You should not use them if there is any chance for big/critical 
computations. Actually I don't like to have two subsets of 
language: one with good performance, and other with good 
maintainability/readability. I have a couple thought about this 
situation.
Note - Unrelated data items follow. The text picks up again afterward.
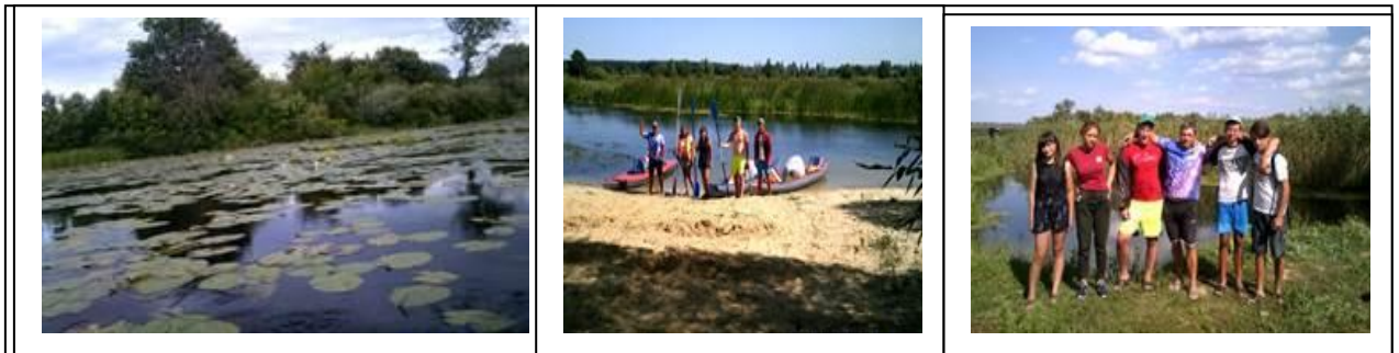
Рисунок 6- Фото шестого дня маршрута

Триста лет назад долина реки Битюг разделялась на 12 владений - юртов. Одно из таких владений в 25 верстах выше устья Битюга в 1660-е годы взял в откуп воронежец Назар Шестаков. За владением закрепилось название - Шестаков юрт.
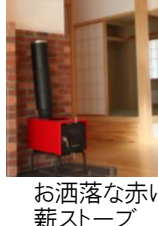
お酒落な赤い薪ストーブ
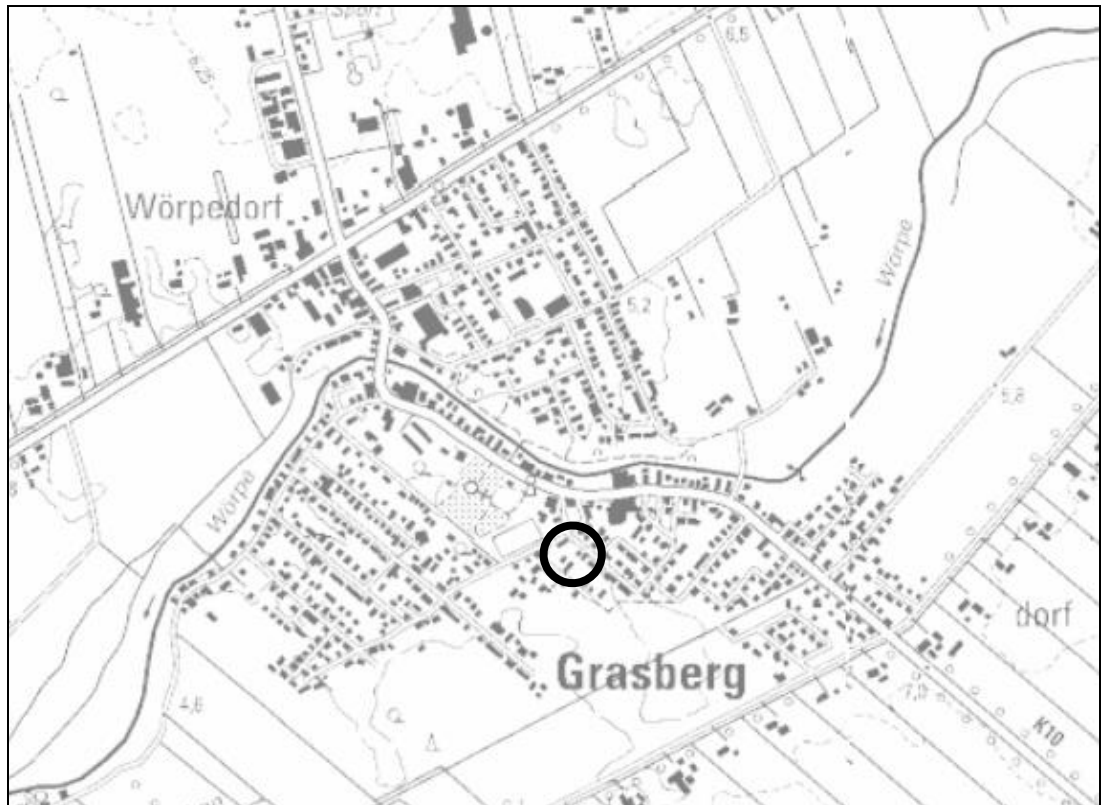
Abb. 1: Räumliche Lage des Bebauungsplanes Nr. 1 "Grasberg-Alt", 2. Änderung

Der Bereich der vorliegenden Bauleitplanung liegt im Süden des Hauptortes der Gemeinde Grasberg an der Straße Am Berg. Die räumliche Lage des Plangebietes ist nachfolgend in Abbildung 1 gekennzeichnet. Der Geltungsbereich der vorliegenden Änderung umfasst das Grundstück Am Berg 8 (Flurstück 25/39) mit einer Größe von ca. 1.501 m 2 und kann Abbildung 2 entnommen werden.
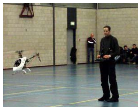
Demo indoor Sporthal GHC

May by we can use CTFE and mixin for inlining some 
range based code on library level?

FYI One of my benchmark (calculate sum of two simple ranges):
#!/usr/bin/rdmd

module zip_test;

import std.range;
import std.datetime;
import std.getopt;
import std.stdio;
import std.algorithm;


struct Range{
         uint count = 0;
          property bool empty(){
                 return count>=limit;
         }
          property int front(){
                 return count;
         }
         bool popFront(){
                 count++;
                 return count<limit;
         }
}

uint testForEach(){
         Range r1, r2;
         uint rs = 0;
         for(int i=0; !r1.empty && !r2.empty; i++){
                 rs += r1.front + r2.front;
                 r1.popFront();
                 r2.popFront();
         }
         writefln("foreach: %s", rs);
         return rs;
}
uint testZip(){
         Range r1, r2;
         auto tmpRange = step1(r1, r2);
         auto rs = reduce!(q{ a + b })(0U, tmpRange);
//      auto rs = reduce!((a,b) => a + b)(0U, tmpRange);
         writefln("zip: %s", rs);
         return rs;
}

auto step1(Range r1, Range r2){
         //return zip(r1, r2).map!(a => a[0]+a[1]);
         return zip(r1, r2).map!(q{a[0]+a[1]});
}

uint limit = 10_000;

void main(string[] args){
         getopt( args, "limit", &limit);
         auto r = benchmark!(testForEach, testZip)(10);
         foreach(idx, rs; r){
                 writefln("%s - %s", idx, rs.msecs);
         }
}

Results:
~/ldc2-0.12.0-linux-x86_64/bin/ldmd2 -O -release -inline 
zip_test.d
./zip_test --limit 10000000
…........
0 - 0
1 - 764
Dec 13 2013
parent reply "lomereiter" <lomereiter gmail.com> writes:
On Friday, 13 December 2013 at 18:03:28 UTC, Nikolay wrote:
 Results:
 ~/ldc2-0.12.0-linux-x86_64/bin/ldmd2 -O -release -inline 
 zip_test.d
 ./zip_test --limit 10000000
 …........
 0 - 0
 1 - 764
And now try -inline-threshold=1024 ;-) Reading -help-hidden sometimes helps.
Dec 13 2013
parent "Nikolay" <sibnick gmail.com> writes:
 And now try -inline-threshold=1024 ;-)
 Reading -help-hidden sometimes helps.
Thanks. It is really game changer. I get my words about ranges back.
Dec 14 2013